Environmentalists fight huge utility’s long-term contracts
MEMPHIS, Tenn. (AP) — Distributors for the nation’s largest public utility signed onto what amounted to “never-ending” contracts that unfairly tied them to power generated by the Tennessee Valley Authority, a lawyer argued Thursday as she represents environmental groups in a lawsuit.
Southern Environmental Law Center lawyer Amanda Garcia spoke in Memphis federal court in response to TVA’s motion to have a judge make a ruling without going to trial. TVA said three environmental groups have no standing to sue after TVA reached long-term agreements with many local power distributors in its seven-state region.
U.S. District Judge Thomas L. Parker did not make a decision during the hourslong hearing, which included references to a federal law created 50 years ago, longstanding TVA rules, technical language and energy industry jargon. Timing on a decision was not immediately clear.
The lawsuit filed in August 2020 argued the 20-year deals signed by most of TVA’s customers lock the power distributors into exclusive contracts with the TVA and “will forever deprive distributors and ratepayers the opportunity to renegotiate with TVA to obtain cheaper, cleaner electricity,” the SELC has said.
The plaintiffs — Protect Our Aquifer, Energy Alabama and Appalachian Voices — have members that distribute power in their communities. They allege the deals hurt the ability of local power companies to seek out and use renewable power such as solar energy from sources outside the TVA. The deals replaced existing agreements of varying lengths, or followed expiring ones. Contracts require a 20-year notice to terminate, and they renew each year.
Garcia argued that the notice-to-terminate provision made the contracts “never-ending,” and violate TVA’s own rules that its contracts with power companies should not last longer than 20 years. The deals carry a 3.1% monthly rebate on wholesale power rates that local companies could pass on to their customers, or use to invest in infrastructure, TVA has said.
The deals also allow local power companies to seek up to 5% in acquired renewable energy, which TVA says could help them meet their energy needs. But the groups say that percentage is too limiting.
Garcia argued that the contracts are “anti-competitive” and cut the public out of the decision making process. TVA wanted to extend the length of the contracts to help expand of capacity by developing plants fueled by natural gas and force TVA customers to pay for “dirty energy,” she said.
TVA lawyer Davis Ayliffe said the contracts provide the utility with contractual certainty, help fulfill its mission to provide power at the lowest feasible rates, and give local power companies rate stability and protection.
Ayliffe also argued that claims made by the environmental groups are speculative, and the groups have failed to show how they are being harmed by the contracts. He said energy generated by fossil fuels in not being incentivized by the contracts, and the agreements did not make a change to the environmental “status quo.”

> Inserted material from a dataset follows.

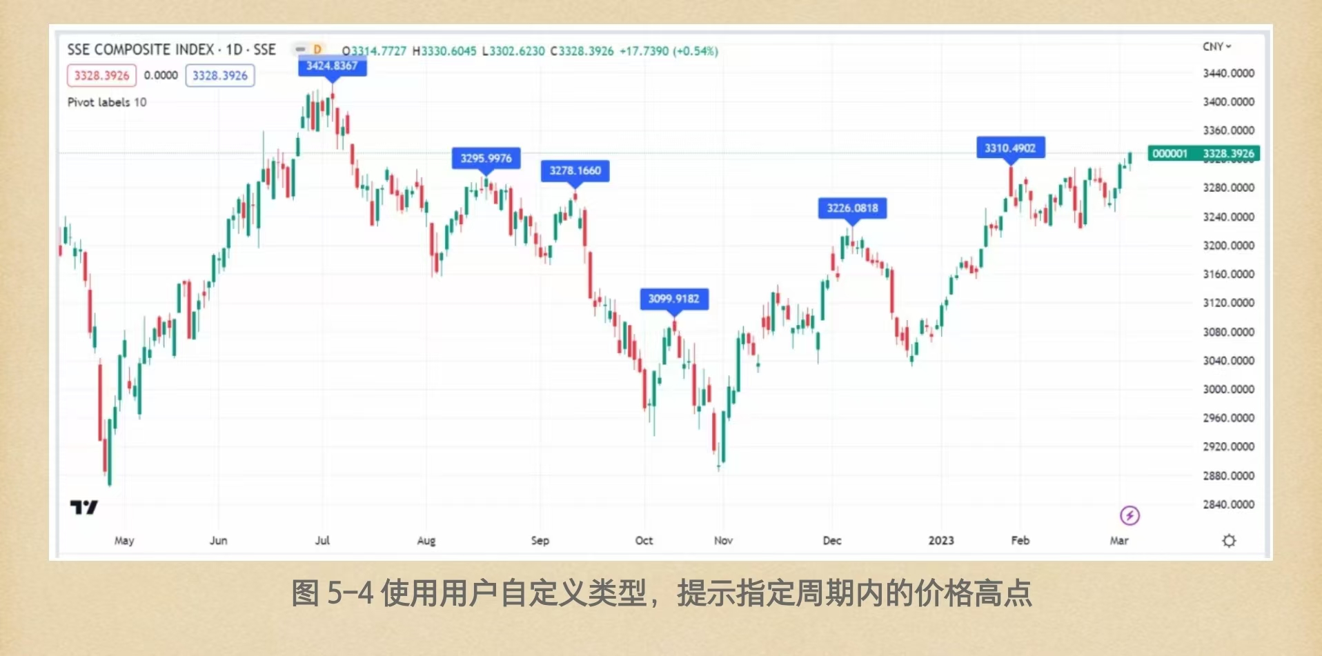 // 发现新的 pivot 高点,并通过标签显示周期内出现的高点的值

One power company that has not signed a long-term contract is Memphis, Light, Gas & Water — TVA’s largest customer.
MLG&W has been considering whether to renew its partnership with TVA. Leaders of the Memphis power company have recommended staying with TVA, citing possible savings to residential customers and avoiding the cost of bringing in new power suppliers. But a final decision has not been reached.
TVA provides power to millions of people in parts of Tennessee, Alabama, Georgia, Kentucky, Mississippi, North Carolina and Virginia.